Earlier only file_1 was needed so I was using
spark.read.schema(schema_def_v1).json(path)
Now I need to read both these type of multiple json files which come together. I cannot define stats as string in schema_def as that would affect the corruptrecord feature(for stats column) which checks malformed json and schema compliance of all the fields.
Example df output required in 1 read only -
version | hour | hits
1 | null | 20
2 | 1 | 10
2 | 2 | 12
I have tried to read with mergeSchema option but that makes stats field String type.
Also, I have tried making two dataframes by filtering on the version field, and applying spark.read.schema(schema_def_v1).json(df_v1.toJSON). Here also stats column becomes String type.
I was thinking if while reading, I could parse the df column headers as stats_v1 and stats_v2 on basis of data-types can solve the problem.

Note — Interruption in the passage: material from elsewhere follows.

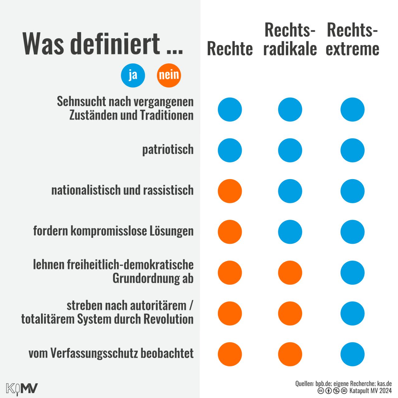 - In vielen Kontexten meint „rechts“ konservative bis nationalistische Positionen, „rechtsradikal“ radikale Programmatiken, „rechtsextrem“ die Ablehnung demokratischer Grundnormen und oft völkische Ordnungsentwürfe
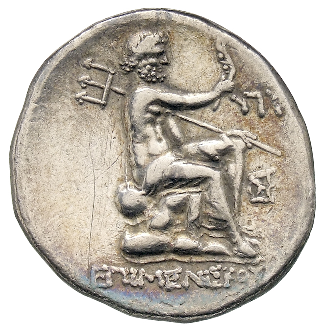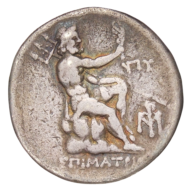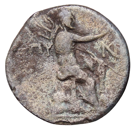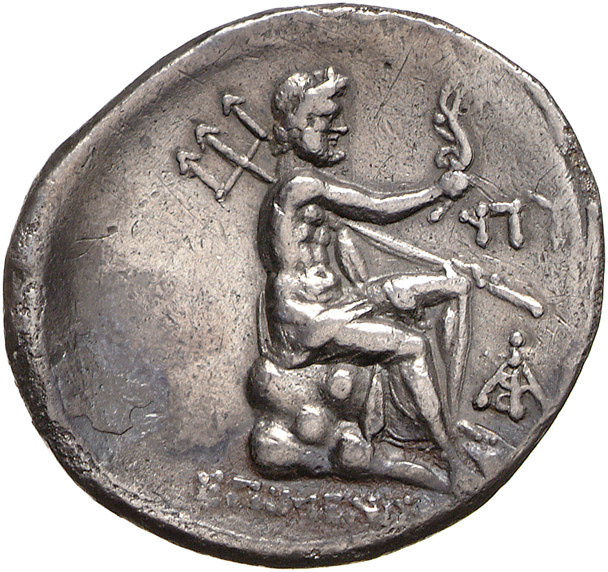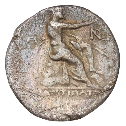 Poseidon seated right on rock, holding aplustre and trident.

Please help with any possible solutions.
UDF to check string or array, if it is string it will convert string to an array.

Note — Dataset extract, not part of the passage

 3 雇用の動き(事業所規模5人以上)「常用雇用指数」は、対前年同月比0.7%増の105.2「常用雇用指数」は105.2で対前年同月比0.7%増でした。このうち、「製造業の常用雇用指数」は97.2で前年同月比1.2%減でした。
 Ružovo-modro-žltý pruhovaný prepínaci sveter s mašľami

import org.apache.spark.sql.functions.udf
import org.json4s.{DefaultFormats, JObject}
import org.json4s.jackson.JsonMethods.parse
import org.json4s.jackson.Serialization.write
import scala.util.{Failure, Success, Try}
object Parse {
implicit val formats = DefaultFormats
def toArray(data:String) = {
val json_data = (parse(data))
if(json_data.isInstanceOf[JObject]) write(List(json_data)) else data
}
}
val toJsonArray = udf(Parse.toArray _)
scala> "ls -ltr /tmp/data".!
total 16
-rw-r--r-- 1 srinivas root 37 Jun 26 17:49 file_1.json
-rw-r--r-- 1 srinivas root 69 Jun 26 17:49 file_2.json
res4: Int = 0
scala> val df = spark.read.json("/tmp/data").select("stats","version")
df: org.apache.spark.sql.DataFrame = [stats: string, version: bigint]
scala> df.printSchema
root
|-- stats: string (nullable = true)
|-- version: long (nullable = true)
scala> df.show(false)
+-------+-------------------------------------------+
|version|stats |
+-------+-------------------------------------------+
|1 |{"hits":20} |
|2 |[{"hour":1,"hits":10},{"hour":2,"hits":12}]|
+-------+-------------------------------------------+
Output
scala>
import org.apache.spark.sql.types._
val schema = ArrayType(MapType(StringType,IntegerType))
df
.withColumn("json_stats",explode(from_json(toJsonArray($"stats"),schema)))
.select(
$"version",
$"stats",
$"json_stats".getItem("hour").as("hour"),
$"json_stats".getItem("hits").as("hits")
).show(false)
+-------+-------------------------------------------+----+----+
|version|stats |hour|hits|
+-------+-------------------------------------------+----+----+
|1 |{"hits":20} |null|20 |
|2 |[{"hour":1,"hits":10},{"hour":2,"hits":12}]|1 |10 |
|2 |[{"hour":1,"hits":10},{"hour":2,"hits":12}]|2 |12 |
+-------+-------------------------------------------+----+----+
Without UDF
scala> val schema = ArrayType(MapType(StringType,IntegerType))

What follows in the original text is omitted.